Photography by Paul Buceta

If you’ve ever seen Olympic ice dancer Tessa Virtue in action, you know she makes the virtually impossible look easy. Alongside lifelong skating partner Scott Moir, the duo demonstrates elegance and grace while executing spins and lifts with unwavering precision. It’s so seamless, it can be easy to underestimate how physically strong and athletic these two have to be to do what they do every day, whether it’s in practice, competition, or performing in shows around the world.
While years of experience and practice lend themselves to her on-ice perfection, Tessa’s poise, power, and control are largely a result of her off-ice training program. To score some of these skills (and those abs) for ourselves, we turned to Tessa’s strength and conditioning coach Jaime Sochansky-Livingston, CSCS, athletic therapist and co-founder of Reconditioning HQ in Montreal, Canada. She put together this routine for STRONG that not only improves explosiveness, stability, and strength, but also focuses on goals required for Tessa’s performance such as posture, breathing, and “a gymnast’s power with a dancer’s grace.”
“For figure skating, and Tessa specifically, we kept in mind these goals when addressing her off-ice gym training program,” says Sochansky-Livingston. “There is a necessity for single-leg stance control, power, and decelerative capacity, so most exercises were given with each leg in mind.”
How to: Aim for two rounds of the following, making sure to take an ample rest period between rounds.

SINGLE-LEG DROP SQUAT
REPS: 8-12 per side
SETUP: Begin standing on one foot with your hands together in front of your chest. Allow the opposite foot to hang directly below the pelvis, relaxed (A).
ACTION: Drop as quickly as you can into a single-leg squat position and “catch” yourself there (B). Hold for 1-2 seconds, then rise slowly back up to single-leg standing position and repeat.

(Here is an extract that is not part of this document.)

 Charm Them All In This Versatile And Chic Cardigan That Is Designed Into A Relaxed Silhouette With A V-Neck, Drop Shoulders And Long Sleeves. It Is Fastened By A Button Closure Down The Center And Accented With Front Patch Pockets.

STABILITY BALL SINGLE-LEG PULL-IN
REPS: 6-12 per side
SETUP: Begin in a full push-up position with hands on the floor and shins on a stability ball. Lift one knee to the chest to attain start position (A).
ACTION: Roll the ball towards you by bringing the knee towards the chest, as the opposite leg extends back to a straight position in the air (B). Return to the start position, repeat. Complete all reps, then switch legs.

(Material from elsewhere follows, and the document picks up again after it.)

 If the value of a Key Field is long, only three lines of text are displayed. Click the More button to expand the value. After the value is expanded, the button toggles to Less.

STABILITY BALL ROTATING SINGLE-ARM PRESS
REPS: 6-10 per side
SETUP: Begin with your upper body supported on a stability ball with both feet on the floor, knees bent. Hold a dumbbell in each hand with arms extended above your chest (A).
ACTION: Bend one arm to lower the dumbbell down to the side while rotating your upper body and pressing the opposite dumbbell higher (B). Reverse the motion and rotate in the opposite direction, switching arms. Repeat for all reps.

TURKISH GET-UP
REPS: 4-6 per side
SETUP: Begin by lying on the floor with one hand holding a kettlebell straight up to the ceiling with the leg on the same side bent. The opposite leg and arm are straight and flat on the floor (A).
ACTION: (Perform the following step-by-step) Keeping the kettlebell pressed to the ceiling, come up onto your opposite forearm (B). Press up from the elbow onto the hand so your torso is fully upright (C). Raise your hips off the floor so you are supported by your arm and opposite foot. Sweep the straight leg under your body to come into a half-kneeling position (D). Lift your hand from the floor, then come to a full standing position (E). Reverse the order of movements to return to the starting position. Complete all reps, then repeat on the other side.

SINGLE-LEG ROMANIAN DEADLIFT
REPS: 8-12 per side
SETUP: Stand with your weight in one leg, the opposite foot lifted and held slightly behind you. Hold dumbbells if desired (A).
ACTION: Keeping your pelvis square to your front, hinge from the hips and tip your torso forward as far as you can while keeping the rest of your body straight and pelvis square. Raise back up to the starting position and repeat (B).